The Securities and Exchange Commission announced that on December 17, 2003, James P. Connelly Jr. was sentenced to 1 to 3 years in prison for tampering with evidence. Connelly, the former Vice Chairman of Fred Alger Management Inc., had pled guilty on October 16, 2003, to one count of Tampering with Physical Evidence, a Class E felony, in violation of New York State law. Also on October 16, 2003, the Commission issued an order finding that Connelly had violated the federal securities laws by permitting select investors to "time" Alger mutual funds in exchange for maintaining at least 20% of their Alger investment in buy-and-hold positions, sometimes referred to as "sticky assets." The Commission directed Connelly to cease and desist from future violations of various provisions of the federal securities laws; barred him from association with any broker, dealer or investment adviser; barred him from serving in various capacities with respect to any registered investment company; and imposed a $400,000 civil penalty.
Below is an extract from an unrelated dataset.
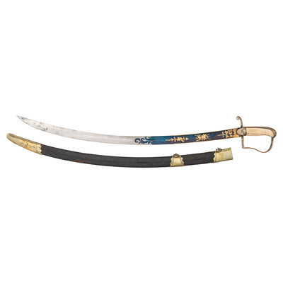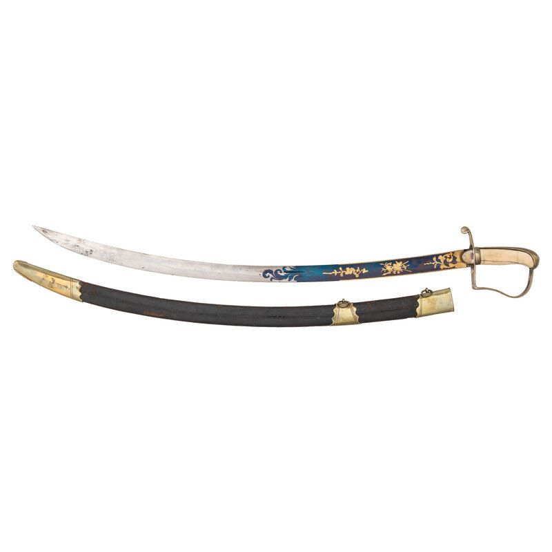 30.75" curved single edged blade, 1.3" wide at ricasso. 35.5" in overall length with a 4.875" hilt. Hilt with silvered brass reverse-P knuckle bow mounted with langets on either side of the guard and a forward swept disc shaped upper qillon. Grip of checkered ivory. Spine of blade stamped with a script maker's mark that reads JS&Co for John Salter & Co. Blade decorated with 14.75" of blue that terminates in flowing foliate patterns, with gilt highlighted engraved floral and martial themes. The inclusion of Liberty Caps in both of the panoplies of arms on the obverse of the blade, along with stars on the shield implying the "Shield of Columbia" strongly suggest that the sword was made for the American market. The sword is accompanied by a brass mounted leather scabbard that is about .5" short of allowing the sword to seat fully. John Salter and his brother George were the sons of William Salter, who had established a spring business with his brother Richard in the 1760s. John & George took over after Richard's death in the 1790s and added edged weapons to the product line. In 1824 John died, and George took over the business which was renamed George Salter & Co. The "JS&Co" marking indicates that the sword dates from circa 1790s-1824.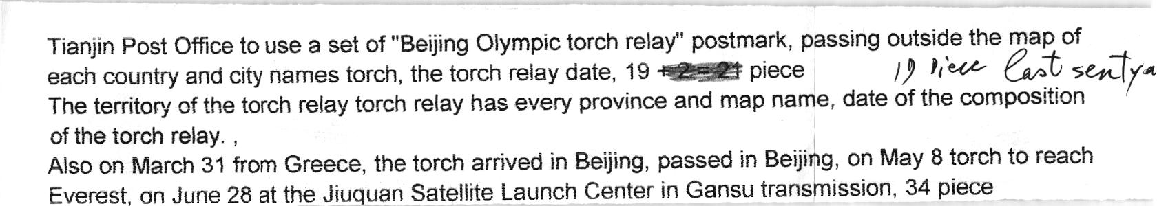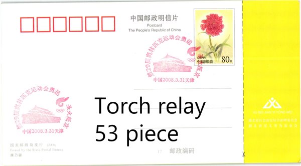 Also on March 31 from Greece the torch arrived in Beijing, passed Beijing, on May 8 torch to reach Everest, on June 28 at the Jiuquan Satellite Launch Center in Gansu trasmission, 34 piece.

Connelly consented to the Commission order without admitting or denying the findings.

The criminal charges against Connelly stemmed from his repeated efforts to tamper with an ongoing investigation by the New York Attorney General and the Commission of illegal trading practices in the mutual funds industry, including by directing subordinates to delete emails called for by subpoenas. Connelly had admitted his conduct under oath before the Hon. James Yates of the Supreme Court of New York State in Manhattan. New York's statute outlawing tampering with evidence calls for a maximum sentence of 4 years in state prison.

For additional information, see Securities Act Release No. 33-8304 (Oct. 16, 2003) and Administrative Proceeding File No. 3-11303 (Oct. 16, 2003).